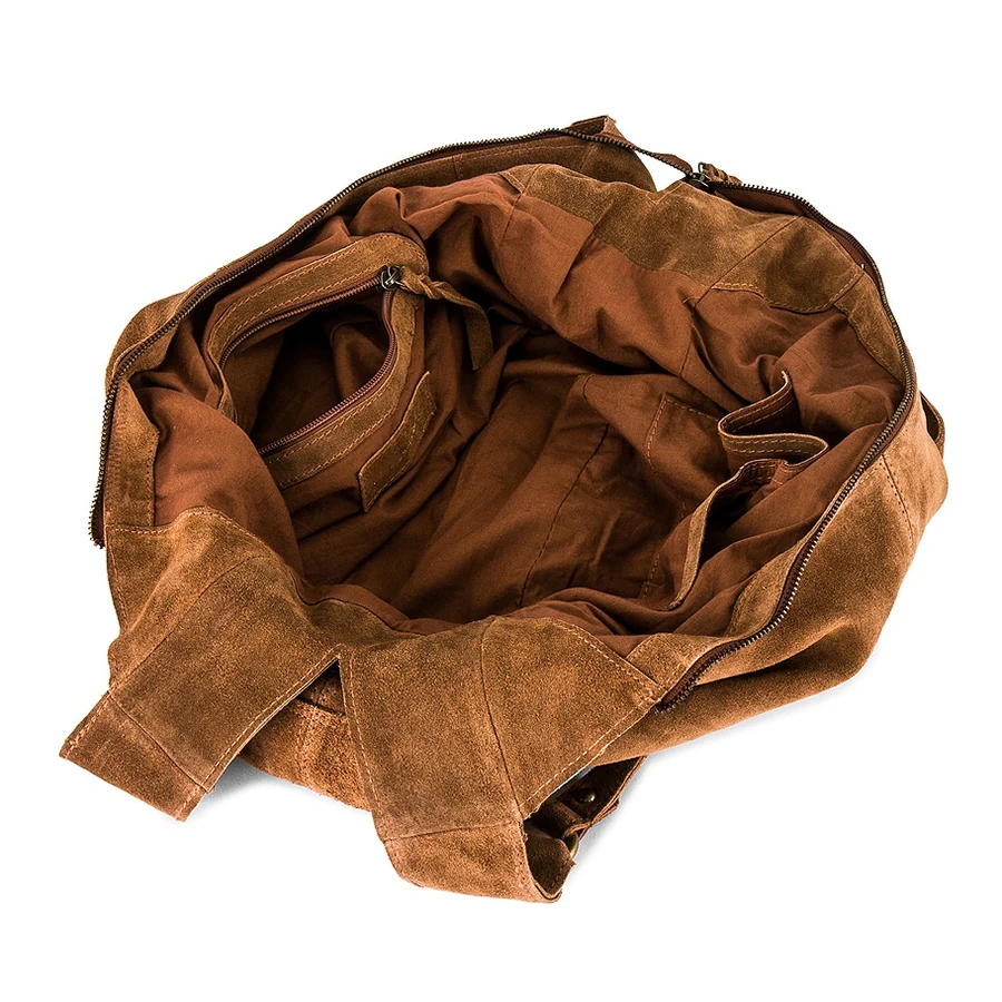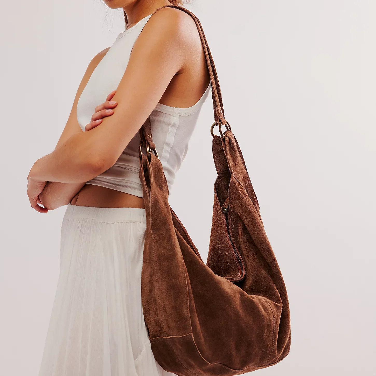 Vintage Women’s Suede Leather Hobo Shoulder Crossbody Tote Bag Large Capacity Retro Fashion Chains Decoration Zipper Closure
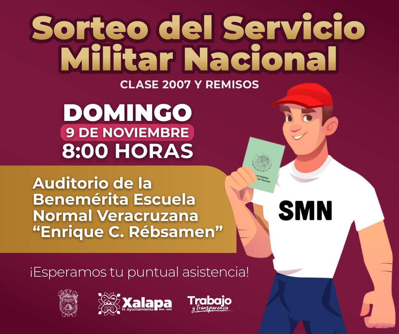 Xalapa, Ver.- El domingo 9 de noviembre, a las 8:00 horas, se llevará a cabo el Sorteo del Servicio Militar Nacional para Jóvenes de la Clase 2007 y Personal Remiso, por lo que se recuerda a quienes participaron en la Fase de Alistamiento, que deben presentarse a este evento, que se realizará en el auditorio de la Benemérita Escuela Normal Veracruzana “Enrique C. Rébsamen”.
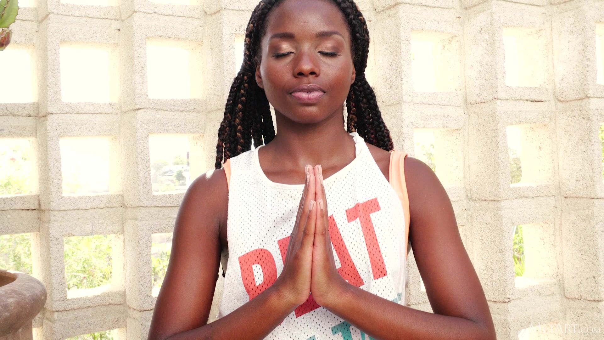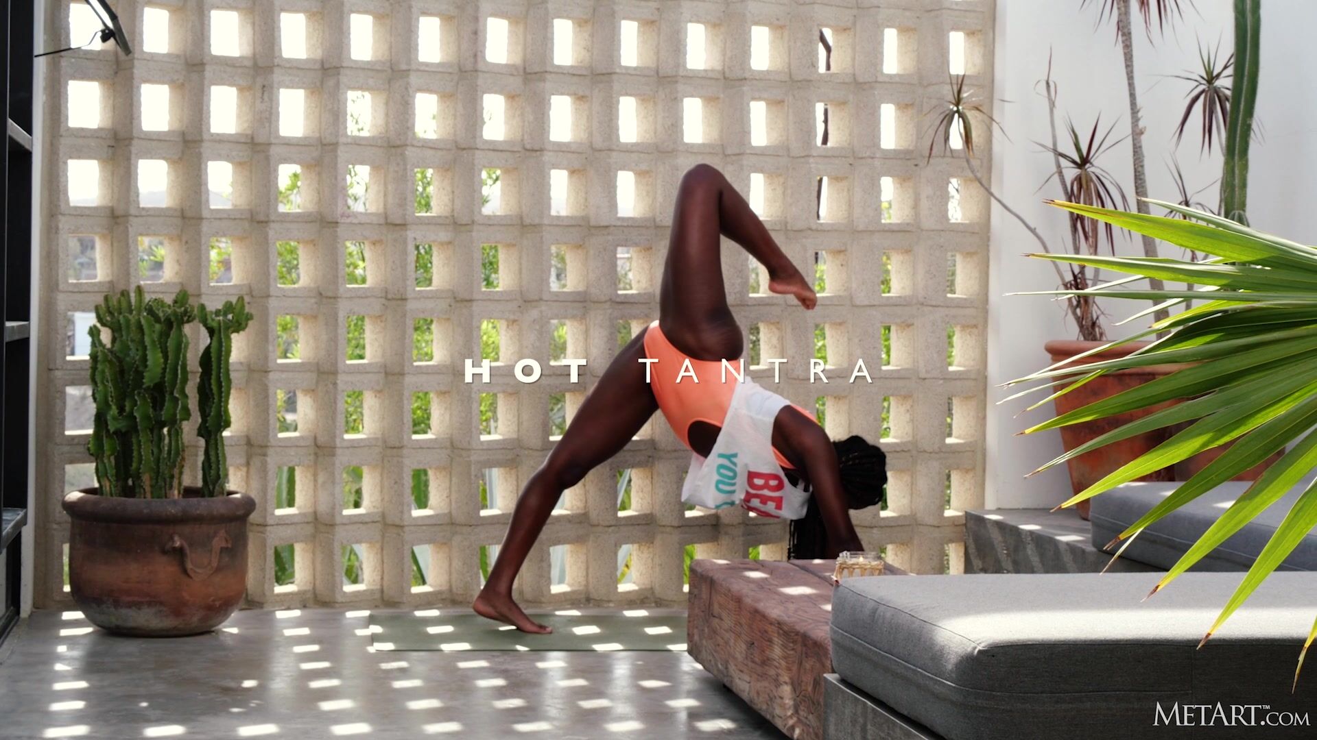 Sexy American sweetheart Dakota Simone invites you to join her for a hot yoga session in the sunshine. The curvaceous Black beauty starts her bends and stretches, her supple body moving through each position with ease. She smiles flirtatiously as she slides her leotard from her shoulders, exposing perky breasts that glisten with perspiration as she continues her workout. Getting naked, she flaunts her shaved pussy and gorgeous bubble butt in the most provocative positions, in a sensational display of flexible femininity.
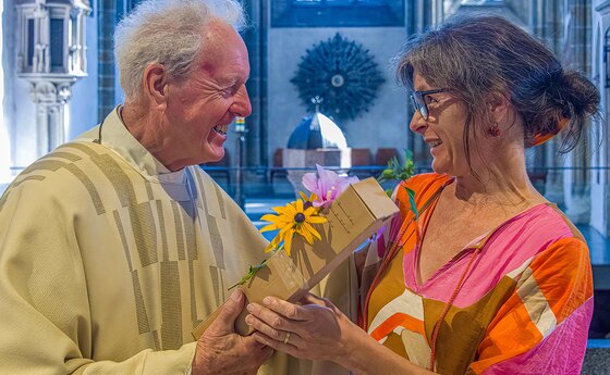 Zu Maria Himmelfahrt zelebrierte P. Severin Mayrhofer, der aus unserer Pfarre stammt und in unserer Basilika zum Priester geweiht wurde, anlässlich eines Heimatbesuchs den Festgottesdienst. Vor einem halben Jahr feierte er seinen 80. Geburtstag. Für den PGR gratulierte Ines Rinner in berührender Weise.
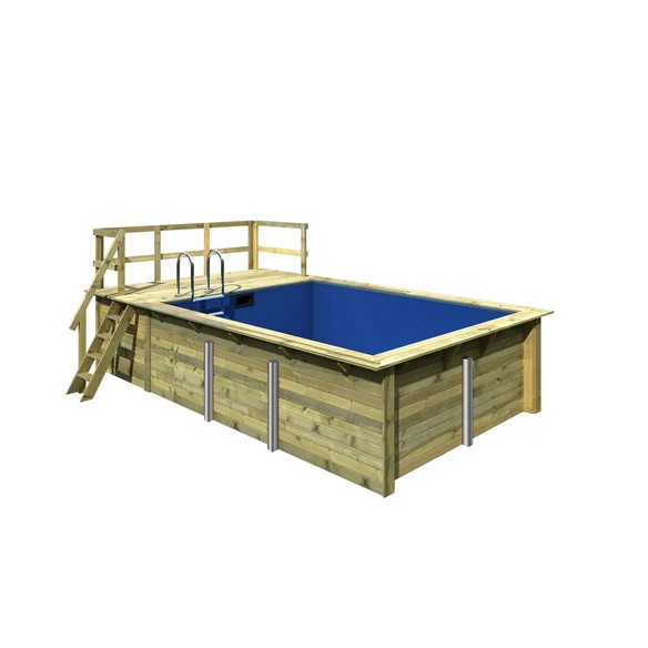 KARIBU Pool, beige, 12,7 l, Pool aus chromfreien kesseldruckimprägniertem Rundprofilhölzern, immer inklusive hochwertigem Unterlegvlies und 0,6 mm starker Poolfolie mit Einhängebiese, Do ist yourself. Einfache Montage durch aufeinander stecken der Bohlen, wasserabweisende Profilierung, inkl. hochwertiger Edelstahl- und Holzleiter
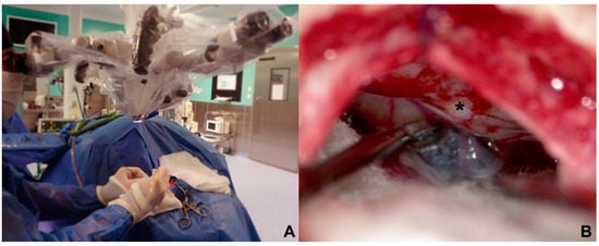 Regarding craniotomy, a single keyhole is made with a self-blocking drill bit, 14 mm below the union of the sigmoid and transverse sinuses, medial and inferior from the asterion (Figure 2C,D); identification of the transverse and sigmoid sinuses is necessary for a safe dural opening [18]. Different from the conventional retrosigmoid approach, we consider a parasterional craniotomy (<20 mm) as sufficient for the cerebellopontine angle exploration to handle vascular compressions associated with TN. This approach not only allows manipulation of the upper cerebellar complex, but also provides an excellent surgical corridor for the middle and lower ones [14,19].
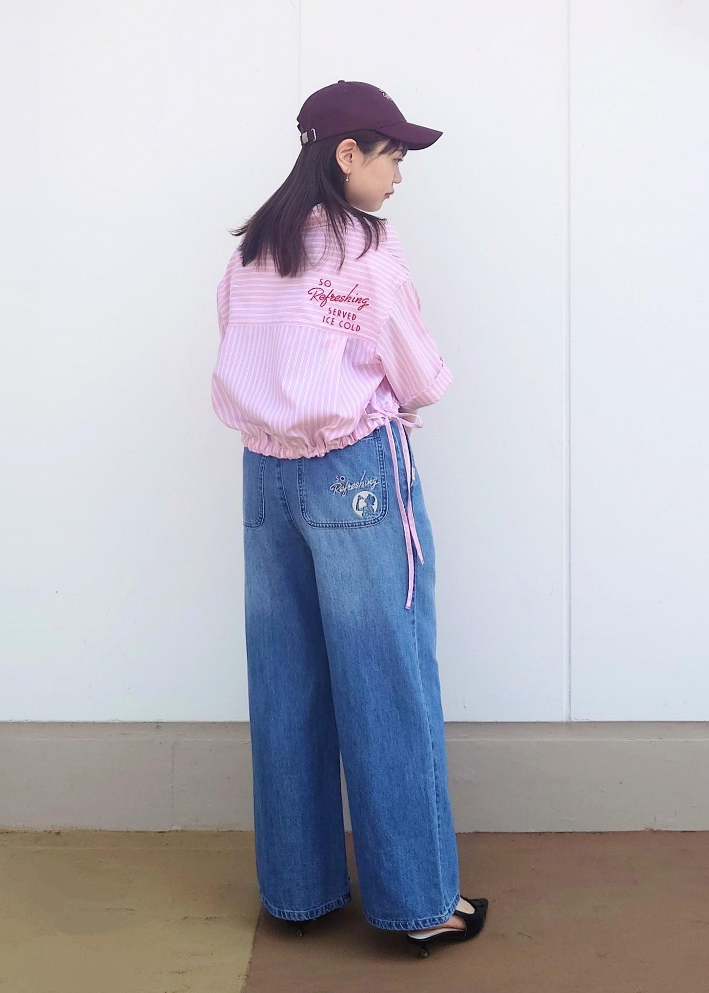 ウエストをリボンで絞って腰位置を少し高く見せられます◎

..........

## What this task involves
Your output is the lines from the top of the entries through the line containing "Xalapa, Ver.- El", exactly as they stand. No pictures belong in it.

## Exercise answer
 Vintage Women’s Suede Leather Hobo Shoulder Crossbody Tote Bag Large Capacity Retro Fashion Chains Decoration Zipper Closure
 Xalapa, Ver.- El domingo 9 de noviembre, a las 8:00 horas, se llevará a cabo el Sorteo del Servicio Militar Nacional para Jóvenes de la Clase 2007 y Personal Remiso, por lo que se recuerda a quienes participaron en la Fase de Alistamiento, que deben presentarse a este evento, que se realizará en el auditorio de la Benemérita Escuela Normal Veracruzana “Enrique C. Rébsamen”.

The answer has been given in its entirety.